Plan Michoacán: Retos en Materia Educativa
Erik Avilés, Doctor en ciencias del desarrollo regional y director fundador de Mexicanos Primero capítulo Michoacán, A.C. Foto: CortesíaMichoacán real estate

El Plan Michoacán por la Paz y la Justicia llegó como una respuesta urgente del gobierno federal al asesinato de Carlos Manzo. La presidenta Sheinbaum prometió construir desde abajo y escuchar a las comunidades, reconociendo que la paz no se impone con la fuerza, sino que se construye con las personas.

El Eje 3 del Plan, denominado “Educación y Cultura para la Paz”, concentra el mayor número de programas anunciados: trece en total. Van desde Escuelas de Cultura de Paz hasta festivales culturales, pasando por becas de transporte, infraestructura deportiva y centros de memoria. En papel, la intención parece noble y necesaria: abordar las causas profundas de la violencia mediante la formación de ciudadanía, la ocupación del tiempo libre juvenil y la construcción de espacios comunitarios seguros.
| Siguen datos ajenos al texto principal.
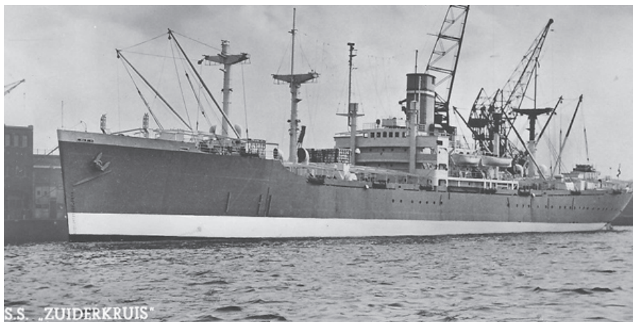
Met de S.S. "Zuiderkruis" vertrokken we naar Pusan.

C-Compagnie werd later gevormd en kwam als aanvulling op een later tijdstip.

Sin embargo, una semana después del anuncio, lo que se presenta como consulta ciudadana resulta ser un proceso express que difícilmente puede considerarse participación genuina.

Entre el anuncio mediático y la realidad educativa de Michoacán existe un abismo que merece ser documentado, cuestionado y analizado con rigor. Como educadores y ciudadanos comprometidos con el derecho a la educación, tenemos la responsabilidad de ir más allá de los titulares y preguntarnos si estas propuestas son realmente nuevas o simplemente reciclaje de programas existentes, si cuentan con el presupuesto necesario para implementarse, si se diseñaron con participación genuina de maestros, estudiantes, familias y comunidades, y si responden verdaderamente a las necesidades de las escuelas michoacanas que operan en contextos de violencia extrema.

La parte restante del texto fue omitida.